A Central Role for Sympathetic Nerves in Herpes Stromal Keratitis in Mice

Hongmin Yun  1 Kira L Lathrop  2 Robert L Hendricks  3
Affiliations

A Central Role for Sympathetic Nerves in Herpes Stromal Keratitis in Mice

Hongmin Yun et al. Invest Ophthalmol Vis Sci. 2016 Apr.

Abstract

Purpose: Herpes simplex virus type 1 (HSV-1) is a neurotrophic virus that can cause herpes stromal keratitis (HSK), a severe corneal inflammation that can lead to corneal scarring and blindness. This study identified neurologic changes that occur in HSV-1-infected corneas and related them to HSV-1-induced immunopathology.
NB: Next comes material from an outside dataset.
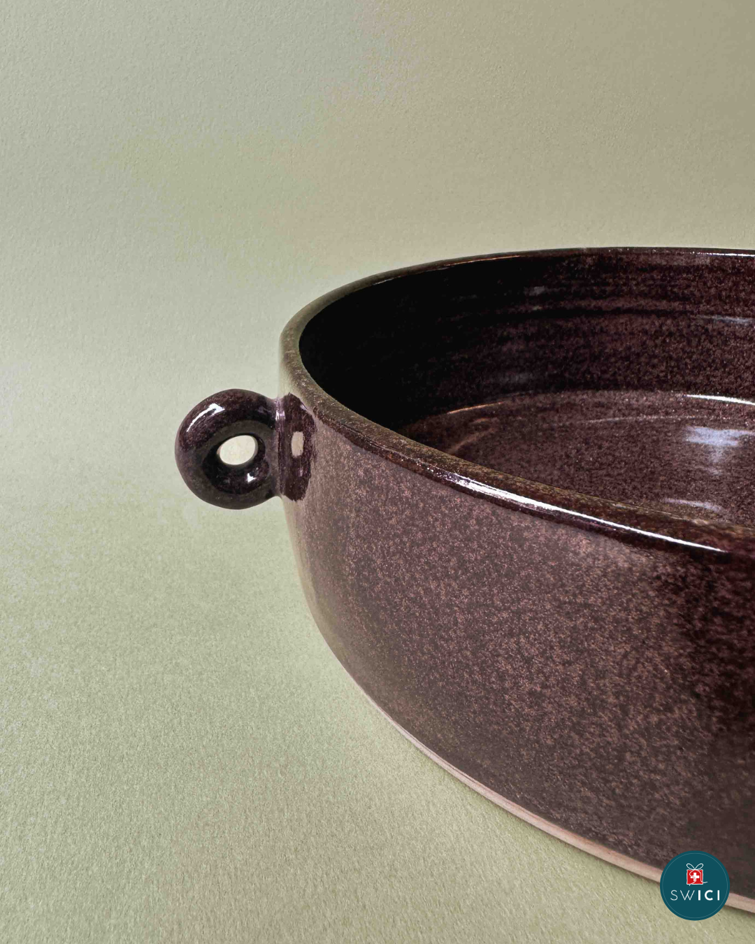 Ce plat de présentation brun moucheté a été entièrement réalisé à la main au tour de potier. C’est une pièce unique pour partager des beaux moments autour de votre table.

Methods: Corneas of BALB/c and C57BL/6 mice were infected with HSV-1 strains that induce HSK. Changes in sensory nerves were identified by immunofluorescence staining of sensory and sympathetic nerves for substance P (SP) and tyrosine hydroxylase (TH), respectively, and confocal microscopic examination. Some mice received superior cervical ganglionectomy (SCGx) to eliminate sympathetic nerves from the cornea.

Results: Normal corneas exclusively expressed sensory nerves that entered the stroma as large nerve stalks, branched to form a plexus at the epithelial/stromal interface, and extended termini into the epithelium. These nerves completely retracted from the infected cornea and were replaced by sympathetic nerves that sprouted extensively to hyperinnervate the corneal stroma but failed to form a plexus or extend termini into the epithelium. The hyperinnervating nerves expressed the sympathetic nerve marker TH and their invasion was blocked by performing SCGx. Moreover, the corneal opacity and neovascularization that normally characterizes HSK in this mouse model were largely abrogated by SCGx. Sensory nerves reinnervated infected corneas following SCGx, reformed a nerve plexus, and extended termini into the epithelium resulting in recovery of corneal sensitivity.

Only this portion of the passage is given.